Materials and Methods. A transgenic rat line was developed that expresses the human amyloid precursor protein (APP) carrying both the Swedish and Indiana mutations, under the control of the Thy1 promoter. Amyloid pathology, cognitive deficits and levels of phosphorylation patterns of synaptic plasticity-related ERK1/2 and CREB proteins are currently being studied. To assess this, we are currently performing immunohistochemistry, Morris Water Maze and Western blot analysis.

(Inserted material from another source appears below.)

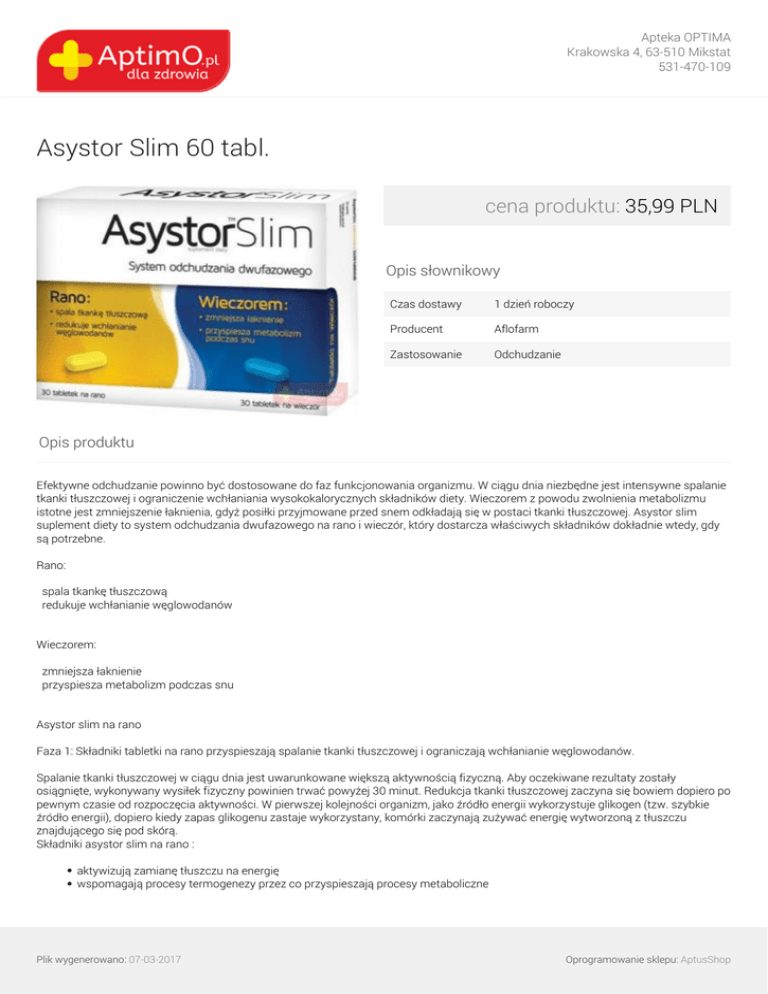 Apteka OPTIMA Krakowska 4, 63-510 Mikstat 531-470-109 Asystor Slim 60 tabl. cena produktu: 35,99 PLN Opis słownikowy Czas dostawy 1 dzień roboczy Producent Aflofarm Zastosowanie Odchudzanie Opis produktu Efektywne odchudzanie powinno być dostosowane do faz funkcjonowania organizmu. W ciągu dnia niezbędne jest intensywne spalanie tkanki tłuszczowej i ograniczenie wchłaniania wysokokalorycznych składników diety. Wieczorem z powodu zwolnienia metabolizmu istotne jest zmniejszenie łaknienia, gdyż posiłki przyjmowane przed snem odkładają się w postaci tkanki tłuszczowej. Asystor slim suplement diety to system odchudzania dwufazowego na rano i wieczór, który dostarcza właściwych składników dokładnie wtedy, gdy są potrzebne. Rano: spala tkankę tłuszczową redukuje wchłanianie węglowodanów Wieczorem: zmniejsza łaknienie przyspiesza metabolizm podczas snu Asystor slim na rano Faza 1: Składniki tabletki na rano przyspieszają spalanie tkanki tłuszczowej i ograniczają wchłanianie węglowodanów. Spalanie tkanki tłuszczowej w ciągu dnia jest uwarunkowane większą aktywnością fizyczną. Aby oczekiwane rezultaty zostały osiągnięte, wykonywany wysiłek fizyczny powinien trwać powyżej 30 minut. Redukcja tkanki tłuszczowej zaczyna się bowiem dopiero po pewnym czasie od rozpoczęcia aktywności. W pierwszej kolejności organizm, jako źródło energii wykorzystuje glikogen (tzw. szybkie źródło energii), dopiero kiedy zapas glikogenu zastaje wykorzystany, komórki zaczynają zużywać energię wytworzoną z tłuszczu znajdującego się pod skórą. Składniki asystor slim na rano : aktywizują zamianę tłuszczu na energię wspomagają procesy termogenezy przez co przyspieszają procesy metaboliczne Plik wygenerowano: 07-03-2017 Oprogramowanie sklepu: AptusShop Apteka OPTIMA Krakowska 4, 63-510 Mikstat 531-470-109 wzmagają procesy utleniania tłuszczu, przez co zwiększają ilość spalanych kalorii Głównymi sprawcami otyłości są węglowodany, a nie, jakby się mogło wydawać, tłuszcze. To właśnie makaron, pieczywo, ziemniaki, pierogi obciążają codzienną dietę i stają się pierwszym materiałem zamieniamy na tkankę tłuszczową. Podczas odchudzania należy więc ograniczyć ich podaż - szczególnie podaż węglowodanów prostych. Składniki asystor slim na rano: biorą udział w metabolizmie węglowodanów i tłuszczy hamują trawienie skrobi znajdującej się w produktach spożywczych zmniejszają wchłanianie cukrów Asystor slim suplement diety na rano pomaga szybciej spalić tkankę tłuszczową i wstrzymuje absorpcję węglowodanów. Tabletka rano SKŁAD: 1 tabletka Wyciąg z białej fasoli 200 mg L-karnityna 200 mg Wyciąg z zielonej herbaty 100 mg Ocet jabłkowy 100 mg Kofeina 50 mg Asystor slim na wieczór Faza 2: Składniki tabletki na wieczór ograniczają apetyt i zwiększają metabolizm w nocy. Wieczór i noc to czas odpoczynku także wewnętrznych systemów funkcjonowania. Podczas snu regeneruje się większość organów, spada ciepłota ciała, a także wolniej przebiega metabolizm. Posiłki spożywane wieczorem szybciej odkładają się w postaci tkanki tłuszczowej, gdyż organizm w nocy mniej efektywnie zamienia je na energię. Problem także nasila wieczorne podjadanie, związane głównie z rozkładem codziennej aktywności. Przyczyny wieczornego podjadania: rozkład dnia W ciągu dnia jesteśmy zaangażowani w różne czynności – pracę, szkołę, dom – i czas upływa szybko. Dlatego też znacznie łatwiej powstrzymać się od jedzenia rano i po południu niż wieczorem gdzie czas płynie znacznie wolniej. napięcia i stresy W ciągu dnia podwyższony poziom adrenaliny pozwala nam ograniczyć spożywanie posiłków, natomiast wieczorem, gdy emocje opadają, organizm zwiększa łaknienie i w ten sposób dopomina się uzupełnienie niezbędnych do funkcjonowania składników. nuda Wieczorem angażujemy się w znacznie mniej aktywności, co powoduje , że chętniej sięgamy do lodówki. -wieczorni goście Przyczyna może leżeć także w częstym goszczeniu znajomych i przyjaciół. Trudno przecież zaprosić gości i nie zastawić stołu. nawyki żywieniowe Przyczyną podjadanie może być także powszechnie znany model – telewizja plus chipsy/popcorn. Połączenie braku ruchu i pustych kalorii powoduje, że bardzo szybko przybieramy na wadze. Składniki Asystor slim na wieczór: Plik wygenerowano: 07-03-2017 Oprogramowanie sklepu: AptusShop Apteka OPTIMA Krakowska 4, 63-510 Mikstat 531-470-109 przyspieszają procesy metaboliczne podczas snu redukują wieczorny apetyt Tabletka wieczór SKŁAD: 1 tabletka Wyciąg z liści ostrokrzewu paragwajskiego (Mate) 200 mg Spirulina 200 mg Wyciąg z gorzkiej pomarańczy (6% p-synefryny) 100 mg Wyciąg z ostryżu długiego 50 mg Chrom 40 µg (100%)* Skład: Składniki suplementu diety Asystor slim: Fasolamina znajdująca się w wyciągu z białej fasoli, hamuje trawienie skrobi znajdującej się w produktach spożywczych (ziemniaki, pieczywo, makaron, pierogi). L-karnityna odgrywa ważną rolę w przemianie materii, uczestniczy w zamianie tłuszczu w energię. Wyciąg z gorzkiej pomarańczy zmniejsza apetyt, przyspiesza przemianę materii. Dodatkowo zawarta w wyciągu synefryna nasila proces lipolizy (rozpadu) tłuszczów. Ocet jabłkowy reguluje trawienie, pobudza procesy metaboliczne oraz zmniejsza wchłanianie cukrów. Kofeina wspomaga proces termogenezy, przez co przyspiesza procesy metaboliczne. Wzmaga procesy utleniania tłuszczu, przez co zwiększa ilość spalanych kalorii. Witamina B6 jest niezbędna w przemianach aminokwasów, bierze udział w metabolizmie węglowodanów i lipidów. Mate pochodząca z liści ostrokrzewu paragwajskiego (Ilex paraguariensis) ma dobroczynny wpływ na przemianę materii. Przyczynia się do rozkładu lipidów i pomaga w utrzymaniu prawidłowej masy ciała. Spirulina dostarcza łatwo przyswajalnych składników mineralnych i witamin oraz ch

Results. The selected transgenic rat line, coded McGill-R-Thy1-APP, displays, at early stages, an extended phase of abnormal (AD-like) intraneuronal accumulation of Aβ, which is widespread throughout different cortical areas and the hippocampal formation. In the neocortex, the intracellular Aβ is most notable in pyramidal neurons of lamina 5, but ubiquitously found in all layers from lamina 2 to 6. Intracellular Aβ accumulation progressively increases with aging, leading to the formation of extracellular Aβ amyloid plaques by 9 to 11 months of age. Amyloid plaque deposition starts in the hippocampus, spreading later to neo- and parietal cortex areas, entorhinal cortex and even thalamus. Our preliminary Western blot results reveal an upregulation of ERK1/2 phosphorylation, when compared to non-transgenic littermate rats, as previously found in our UKUR-25 and UKUR-28 transgenic rat models, which coincides with the phase of intracellular Aβ accumulation. Preliminary behavioural studies show a significant difference in 13 month old transgenic rats (post-plaque stage), compared to non-transgenic littermate rats, during the learning phase of the Morris Water Maze. Behavioural testing for pre-plaque cohorts has yet to be performed. The characterization of this transgenic model is ongoing, paying particular attention to the effect of intracellular Aβ and extracellular plaque deposition on learning and memory acquisition.
Conclusions
Immunohistochemistry results show that this rat model of AD displays early intraneuronal accumulation of Aβ progressing in an age-dependent manner, leading to eventual plaque formation. This corresponds to behavioural deficits at later stages of the pathology.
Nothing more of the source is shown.